Start of DATA FOR REVIEW
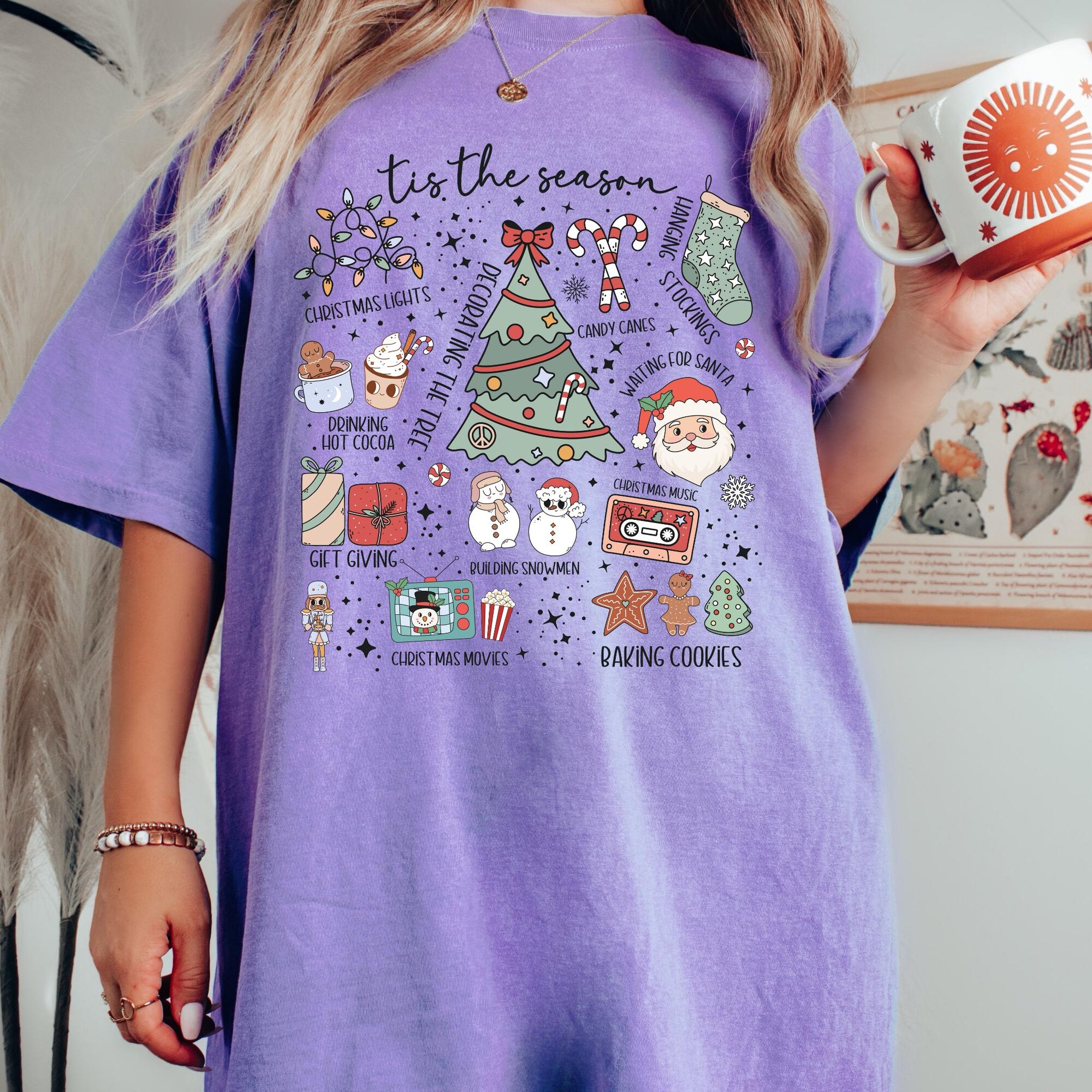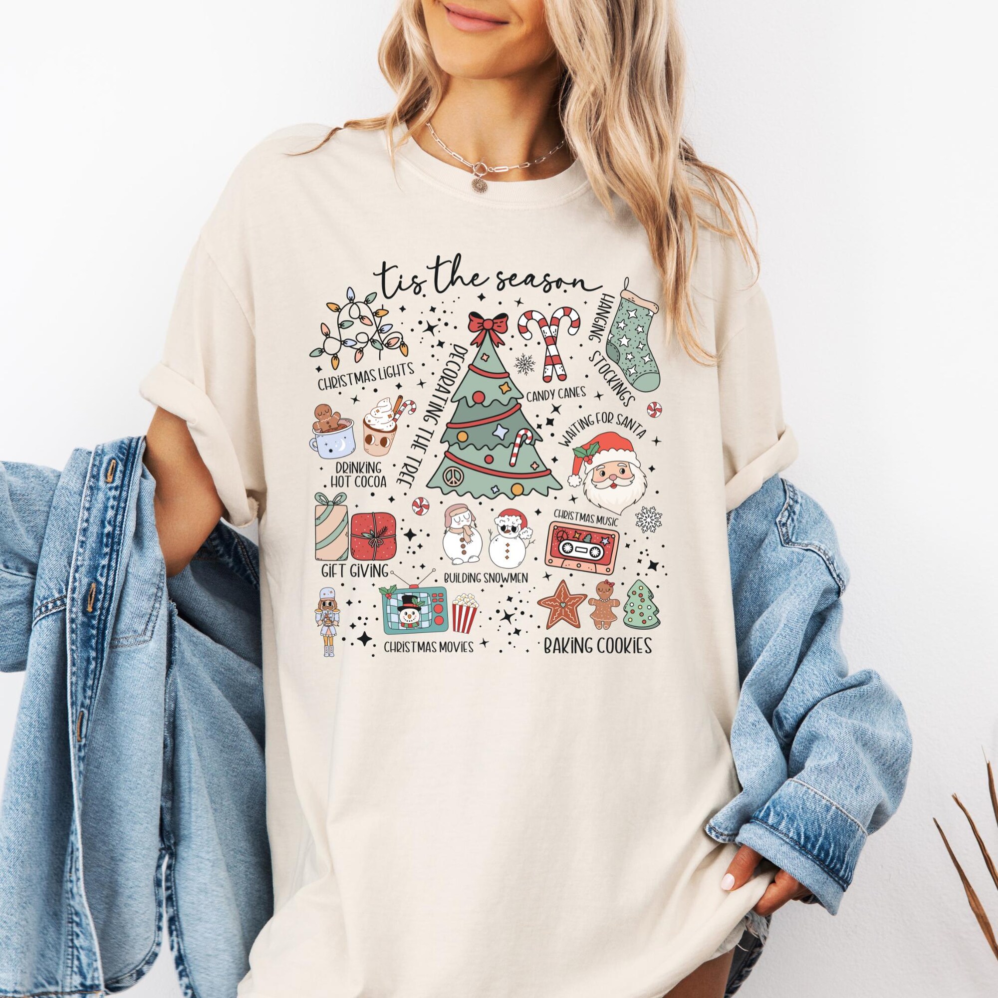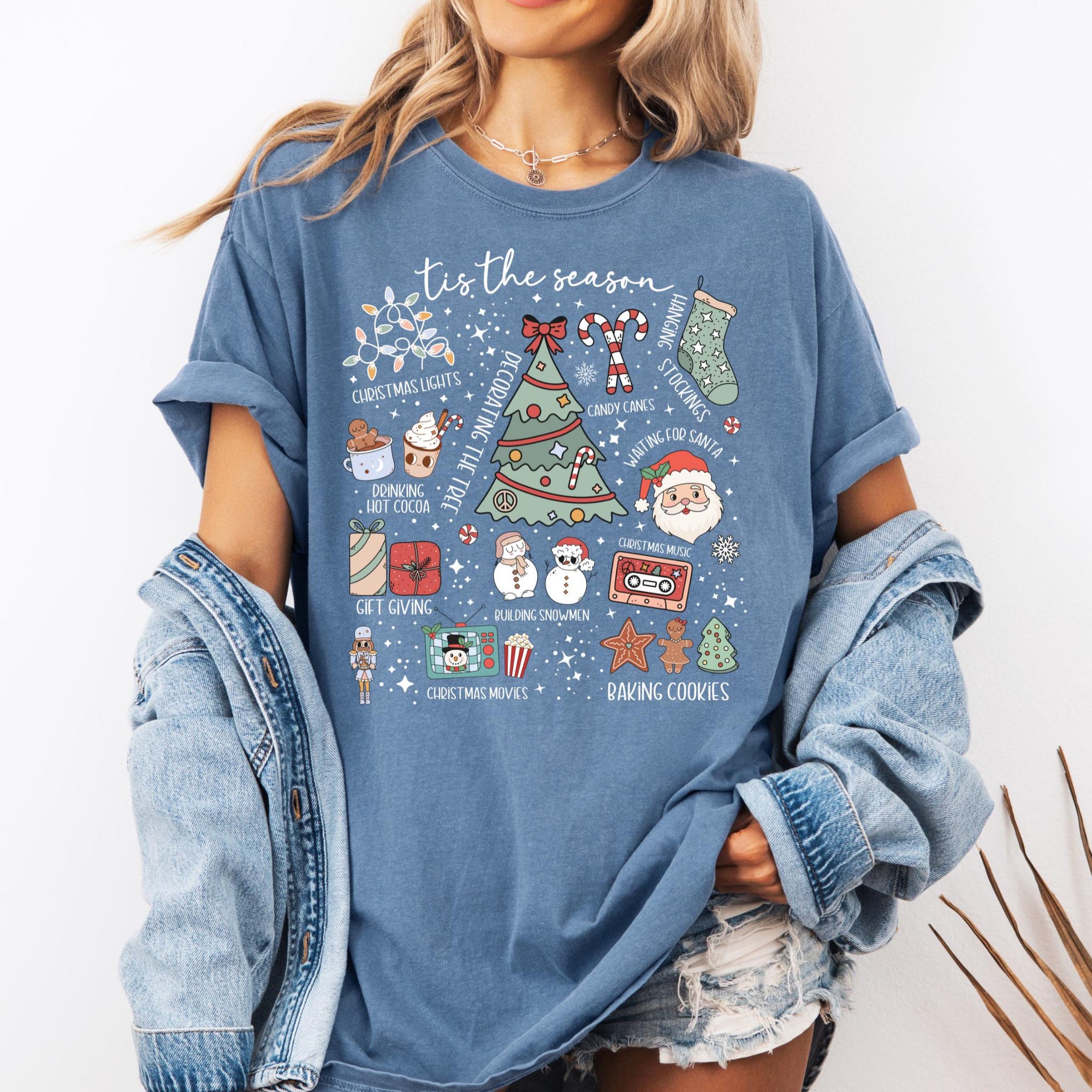 Comfort Colors® Tis’ the Season, Retro Christmas Aesthetic, Women’s Christmas Shirt, Santa Snowman Graphic Tee, Xmas Gift, Xmas Bundle tee
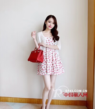 清新的碎花连衣裙给人的感觉很是甜美淑女,搭配白色针织开衫一起穿着,甜甜的女人味自然而然的就散发了出来,手上的红色手提包包更是提亮了整体造型,让我们变得更加吸睛抢镜了。
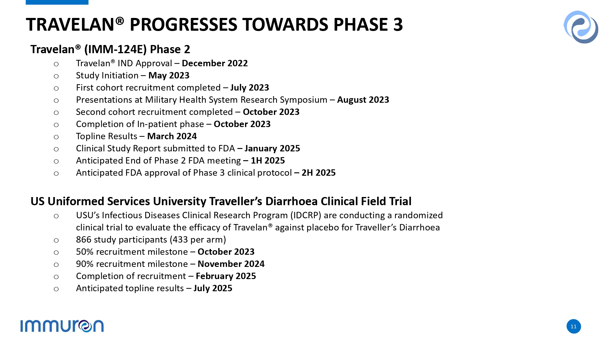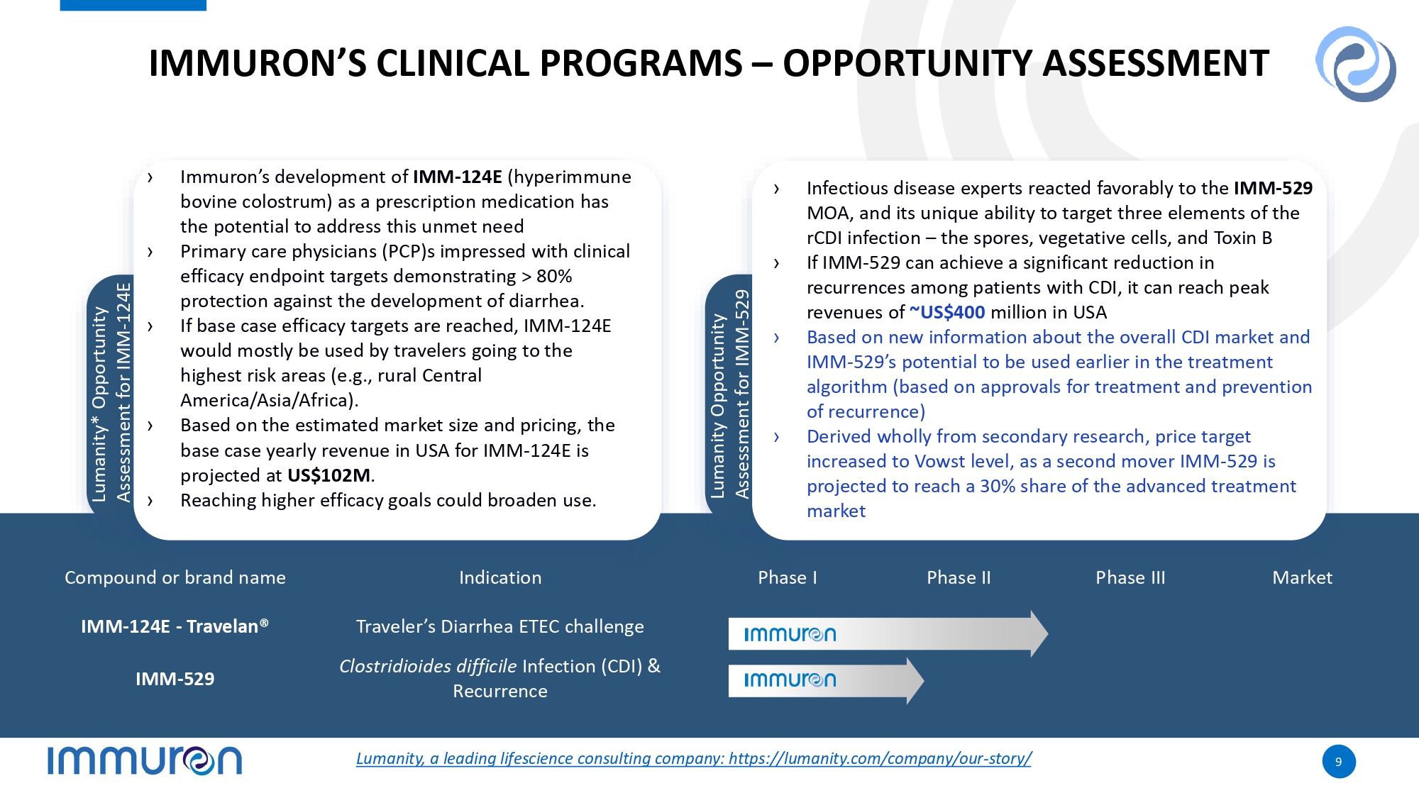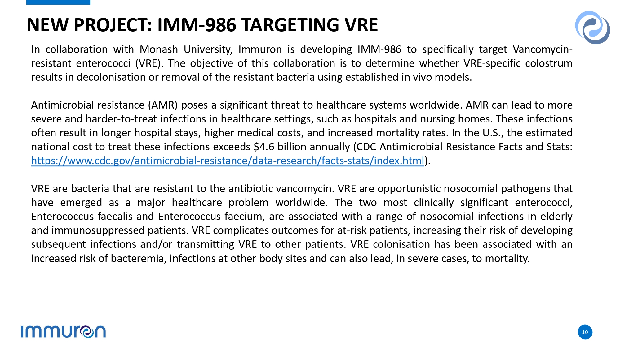 Lu m C a o n r i t p y o * r a O t e p p ortuni t y Assessment for IMM - 124E › Infectious disease experts reacted favorably to the IMM - 529 MOA, and its unique ability to target three elements of the rCDI infection – the spores, vegetative cells, and Toxin B › If IMM - 529 can achieve a significant reduction in recurrences among patients with CDI, it can reach peak revenues of ~US$400 million in USA › Based on new information about the overall CDI market and IMM - 529’s potential to be used earlier in the treatment algorithm (based on approvals for treatment and prevention of recurrence) › Derived wholly from secondary research, price target increased to Vowst level, as a second mover IMM - 529 is projected to reach a 30% share of the advanced treatment market Lu m C a o n r i p t y o r O a p t e por t uni t y Assessment for IMM - 529 Market Phase III Phase II Phase I Indication Compound or brand name Traveler’s Diarrhea ETEC challenge IMM - 124E - Travelan® Clostridioides difficile Infection (CDI) & Recurrence IMM - 529 Lumanity, a leading lifescience consulting company: https://lumanity.com/company/our - story/ NEW PROJECT: IMM - 986 TARGETING VRE 10 In collaboration with Monash University, Immuron is developing IMM - 986 to specifically target Vancomycin - resistant enterococci (VRE) . The objective of this collaboration is to determine whether VRE - specific colostrum results in decolonisation or removal of the resistant bacteria using established in vivo models . Antimicrobial resistance (AMR) poses a significant threat to healthcare systems worldwide . AMR can lead to more severe and harder - to - treat infections in healthcare settings, such as hospitals and nursing homes . These infections often result in longer hospital stays, higher medical costs, and increased mortality rates . In the U . S . , the estimated national cost to treat these infections exceeds $ 4 . 6 billion annually (CDC Antimicrobial Resistance Facts and Stats : https : //www . cdc . gov/antimicrobial - resistance/data - research/facts - stats/index . html ) . VRE are bacteria that are resistant to the antibiotic vancomycin . VRE are opportunistic nosocomial pathogens that have emerged as a major healthcare problem worldwide . The two most clinically significant enterococci, Enterococcus faecalis and Enterococcus faecium, are associated with a range of nosocomial infections in elderly and immunosuppressed patients . VRE complicates outcomes for at - risk patients, increasing their risk of developing subsequent infections and/or transmitting VRE to other patients . VRE colonisation has been associated with an increased risk of bacteremia, infections at other body sites and can also lead, in severe cases, to mortality .
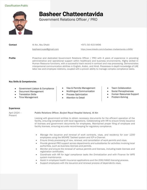 Proactive and dedicated Public Relations Officer/ Government Relations Officer with 4 years of experience in providing administrative and operational support within healthcare and business environments. Highly skilled in Human Resource functions, with a successful track record in contract and visa processing. Demonstrates interpersonal communication abilities in English, Arabic, and Hindi. Possesses
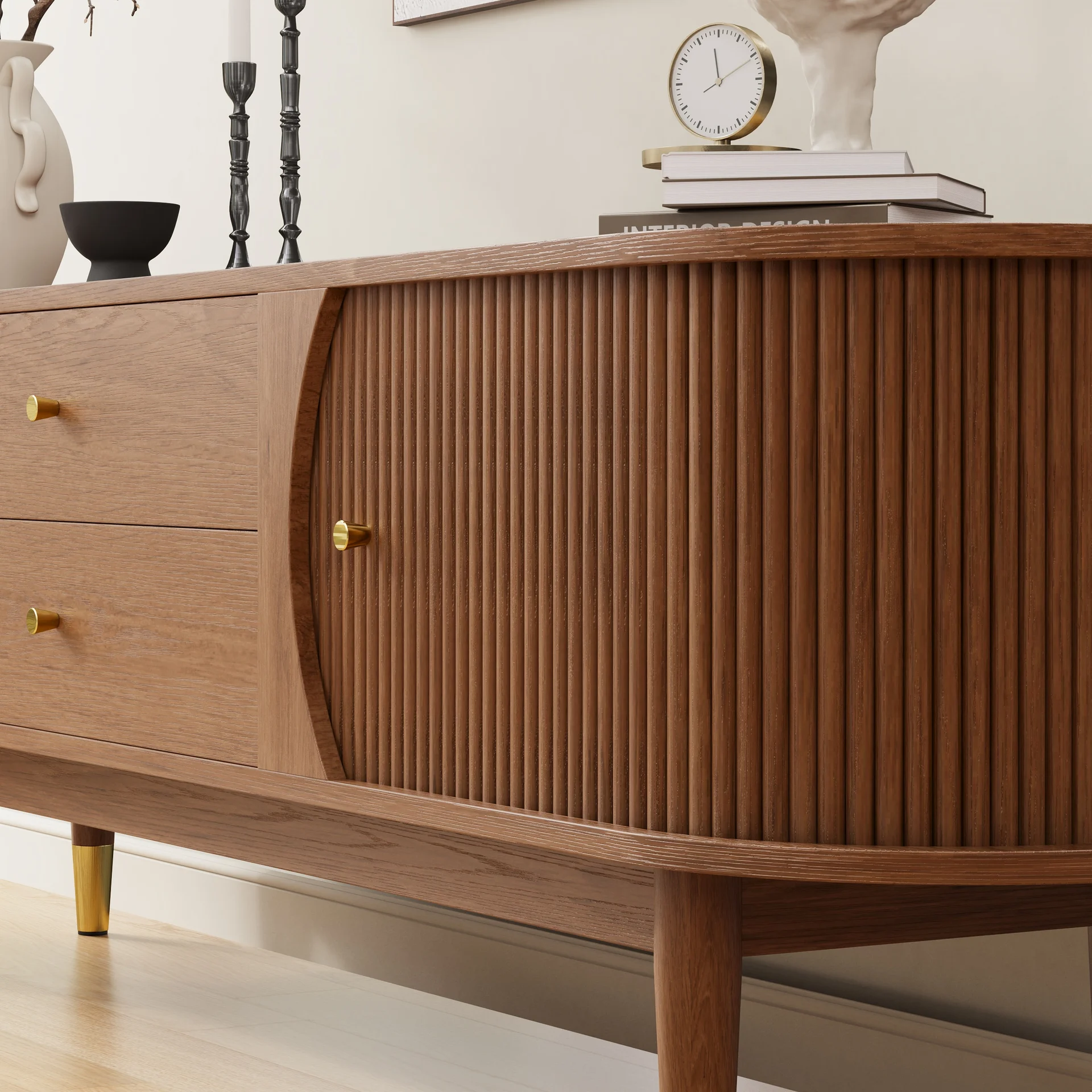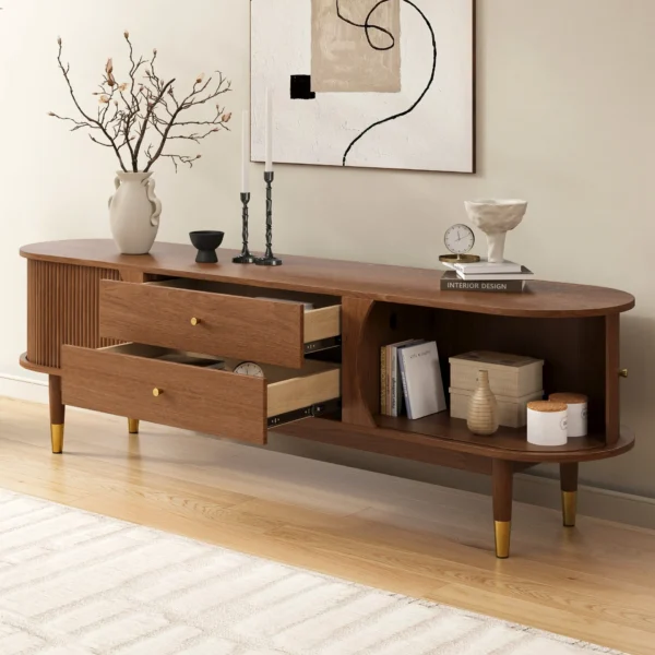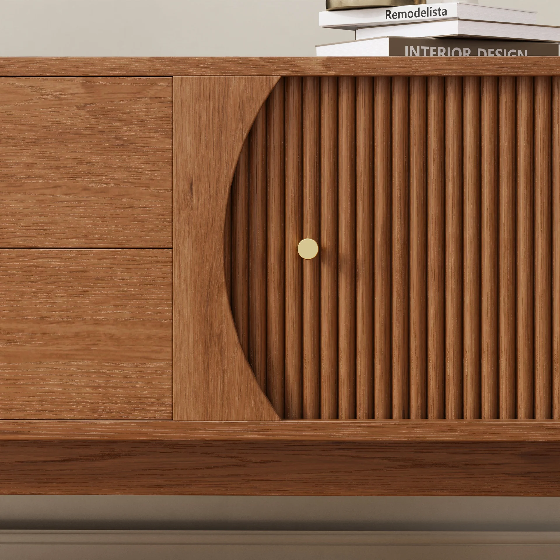 72" Ash Wood Fluted TV Stand with Storage selling image
End of DATA FOR REVIEW
THE PROBLEM:
Give the lines again word for word, from the start of the records to the line holding "清新的碎花连衣裙给人的感觉很", both included, and leave out any picture.

SOLUTION TO THIS PROBLEM:
 Comfort Colors® Tis’ the Season, Retro Christmas Aesthetic, Women’s Christmas Shirt, Santa Snowman Graphic Tee, Xmas Gift, Xmas Bundle tee
 清新的碎花连衣裙给人的感觉很是甜美淑女,搭配白色针织开衫一起穿着,甜甜的女人味自然而然的就散发了出来,手上的红色手提包包更是提亮了整体造型,让我们变得更加吸睛抢镜了。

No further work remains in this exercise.